March 2005

In this issue:

This month is the first in a multi-part publication on  X-R charts. This month we introduce the chart and provide the steps in constructing an  X-R chart. Next month, we will look at a detailed example of an  X-R chart. The  X-R chart is a type of control chart that can be used with variables data. Like most other variables control charts, it is actually two charts. One chart is for subgroup averages ( X). The other chart is for subgroup ranges (R). These charts are a very powerful tool for monitoring variation in a process and detecting changes in either the average or the amount of variation in the process.
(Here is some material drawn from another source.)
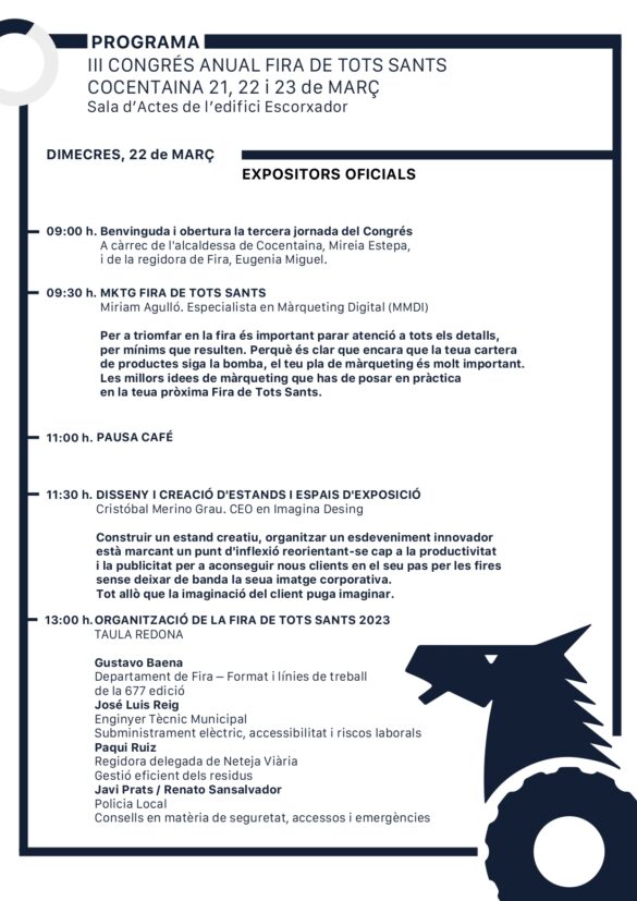 El dimecres 22, els protagonistes seran els expositors oficials que cada any fan possible que el certamen siga un gran aparador comercial de primer nivell. La jornada començarà amb el màrqueting com a protagonista. Miriam Agulló especialista en aquest camp donarà als expositors claus i recursos per a millorar el seu pla de màrqueting de cara a la pròxima edició de l’esdeveniment. El disseny, un altre dels pilars fonamentals, també estarà damunt de la taula amb Cristóbal Merino, CEO de Imagina Design. Aquest oferirà als participants idees per a construir un estand creatiu i com innovar en matèria de publicitat per a aconseguir nous clients sense descurar la imatge corporativa. Aquesta tercera jornada es tancarà amb una taula redona que se centrarà en oferir les principals qüestions que es tenen en compte per a organitzar l’esdeveniment. En ella participaran Gustavo Baena del departament de la Fira de Cocentaina; José Luis Reig, Enginyer Tècnic Municipal i Paqui Ruiz, edil de Neteja Viària. Junts parlaran del format i línies de treball de l’esdeveniment, accessibilitat, gestió eficient de residus i consells en matèria de seguretat i emergències.

### Introduction to  X-R Charts Suppose you are a member of a bowling team. You bowl three games a night once a week in a bowling league. You are interested in determining if you are improving your bowling game. What are some different approaches you could use? One idea is that you could plot the score from each game. However, you are more interested in what your average score is on a given night. So another idea is to plot the average of the three games each night. You definitely would like to increase that average over time. You are also interested in being more consistent, i.e., not having one great game followed by a poor one. Thus, another idea is to keep track of the range in scores for the three games each night. In situations such as this (when you want to monitor averages over time but still keep track of the variation between individual results), the  X-R chart is very useful.

The  X-R chart is a method of looking at two different sources of variation. One source is the variation in subgroup averages. The other source is the variation within a subgroup. Consider the bowling example above. You have data available on a fairly frequent basis (three games each week). You can also rationally subgroup the data. The three individual games you bowl on one night can be used to form a subgroup.
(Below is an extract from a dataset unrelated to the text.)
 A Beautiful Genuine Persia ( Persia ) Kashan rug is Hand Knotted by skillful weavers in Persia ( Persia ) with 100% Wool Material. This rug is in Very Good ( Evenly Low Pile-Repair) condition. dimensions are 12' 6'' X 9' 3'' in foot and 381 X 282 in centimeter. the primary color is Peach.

Continuing with the bowling example, suppose that one night your three bowling scores are 169, 155, and 189. These three scores form a subgroup. You can calculate the range of this subgroup by subtracting the minimum score from the maximum score. Thus the range is:

Range = Maximum - Minimum = 189 - 155 = 34

You can plot this value on a range (R) chart. This is done for each subgroup (one night of bowling three games). The range chart shows how much variation there is within each subgroup, i.e., the amount of variation in your bowling scores on one night. You would like this variation to be small and be consistent over time.
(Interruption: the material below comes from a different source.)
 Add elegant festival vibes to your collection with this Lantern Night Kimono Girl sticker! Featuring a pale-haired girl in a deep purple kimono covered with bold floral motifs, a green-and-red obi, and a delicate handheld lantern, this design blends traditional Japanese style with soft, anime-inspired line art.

The chart for averages ( X) presents a different variation than the range chart. Using the three scores above, you can calculate an average score for the night by taking the average of the three individual scores. The subgroup average is:

X = (169+155+189)/3 = 171

You can plot this value on the  X chart. This is done for each subgroup. The  X chart shows how much week-to-week variation there is in your weekly average bowling score. You would like this variation to be small and be consistent over time. This permits you to predict what your average score will be on any night, within certain limits.

The figure below is an example of the  X-R chart for this bowling example. The top part of the figure is the X chart. Each weekly average bowling score (i.e., the average of the three individual games) is plotted. The overall average (Xdbar = X double bar) has been calculated and plotted as a solid line. Xdbar is the average of all the subgroup averages. Upper and lower control limits have also been calculated and plotted. The X chart is in statistical control. The lower part of the figure is the range (R) chart. The range is plotted for each week. The average range and control limits have been calculated and plotted. The range is also in statistical control.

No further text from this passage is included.